Why do we need better word representations ?

A successful AI agent should communicate. It is all about language. It should understand and explain itself in words in order to communicate us.  All of these spark with the “meaning” of words which the atomic part of human-wise communication. This is one of the fundamental problems of Natural Language Processing (NLP).

“meaning” is described as “the idea that is represented by a word, phrase, etc. How about representing the meaning of a word in a computer. The first attempt is to use some kind of hardly curated taxonomies such as WordNet. However such hand made structures not flexible enough, need human labor to elaborate and  do not have semantic relations between words other then the carved rules. It is not what we expect from a real AI agent.

Then NLP research focused to use number vectors to symbolize words. The first use is to donate words with discrete (one-hot) representations. That is, if we assume a vocabulary with 1K words then we create a 1K length 0 vector with only one 1 representing the target word.

word = [0 0 0 0 0 0 0 0 1 0 0 0 0 … ]

Still one-hot encoding is deficient to  capture the semantic relations since any distance between two vectors is zero unless they are the same.

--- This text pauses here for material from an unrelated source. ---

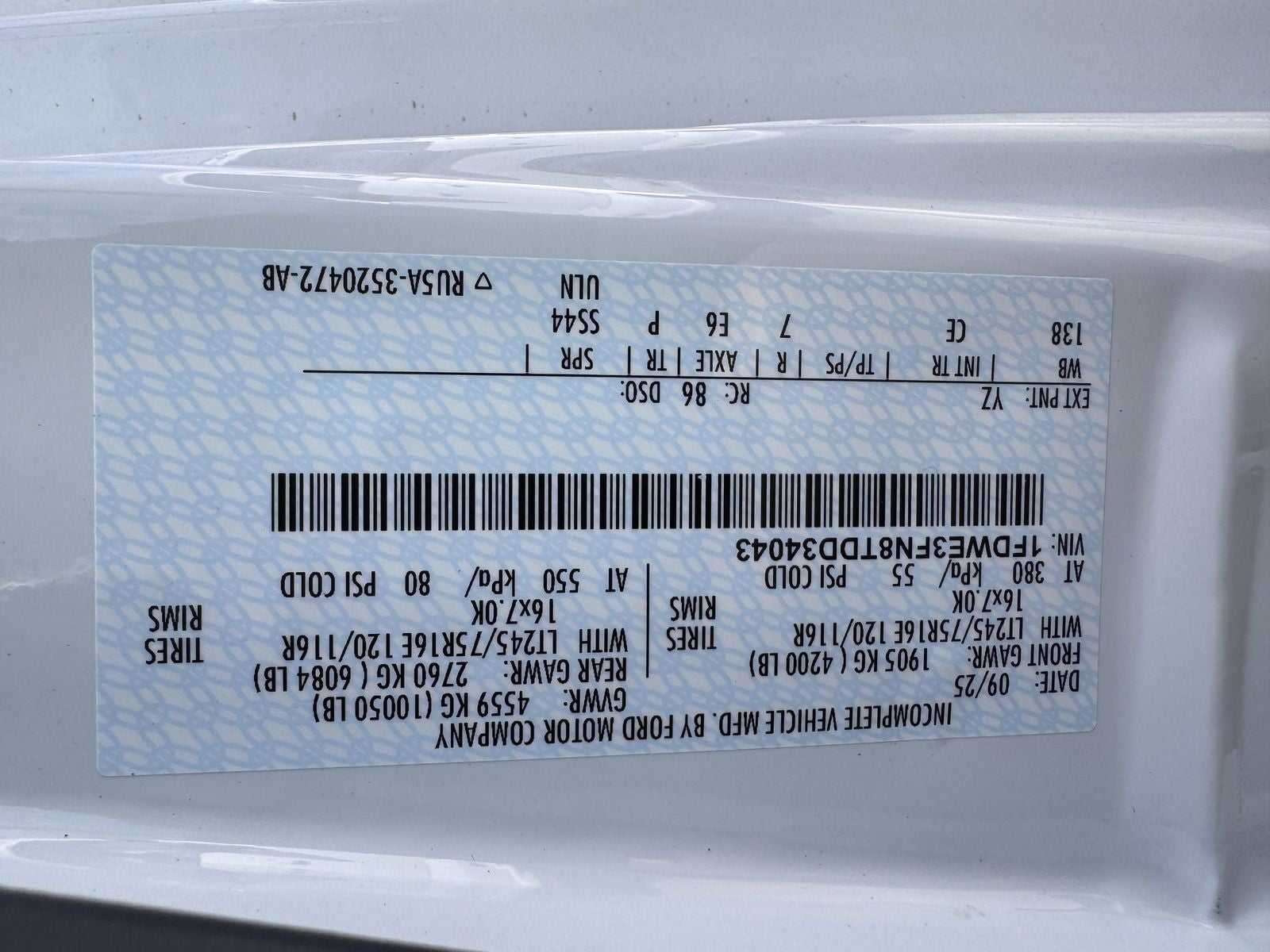 - Rear Tire Order Code: T38

Then the idea is extended to exploit the words surrounding the target word. The core assumption, which is valid to some degree, two words sharing the similar meaning are surrounded by the similar set of words like “dog” and “cat”.

For this purpose, a cooccurence matrix is computed by looking the surrounding words in a given window size.

An example to illustrate the cooccurence matrix

An example to illustrate the cooccurence matrix with window size 1.

As the example above, we use any row to represent the corresponding word, and similarity between each of these vectors would give a similarity measure.

However, cooccurence matrix is not really efficient. It is hard to update with new words. It is computationally not feasible for especially very large vocabularies which is the case for many real-life problems. The representation is very sparse and lengthy which is a problem for subsequent classification problems.

What we can do is to quantize the lengthy representations to compact vectors. The first idea is to use SVD like factorization methods over cooccurence matrices.

import numpy as np
la = np.linalg
words = [...]
X = np.array([...]) #cooccurence matrix
U,s,V = la.svd(X, full_matrices=False)
# each column of U is presenting different dimension of the words.

When you plot on the first two columns of the U vectors;

Example representation of words.

Example representation of words.


The consequent representations are dense and more compact. However, one problem is still floating.  The complexity of SVD scales quadratically as we add more words to our vocabulary. The solution is to learn representations indirectly. This is the point where the latest word2vec and Glove algorithms take the stage.  They rely on the simple core idea of predicting surrounding words from the given word, instead of direct computation of cooccurence matrices. We are able to learn word presentations by simple SGD based optimization which ease the problem really well and yields state-of-art results for many benchmark problems.

These algorithms are also able to learn analogies between the words which is what we aimed at the first place. We start with very concrete word presentations to soft dense vectors which donate word “meaning” in a digitized environment.

Example to word analogies learned by the representation.

Example to word analogies learned by the representation.


The progress on word representations unveils the more advance research efforts like Q&A machines, machine authors and human quality document classifiers.

Disclaimer: All figures are taken from  Richard Socher’s slide on Stanford cs224. This post is my memory as a beginner in NLP sector of Deep Learning research.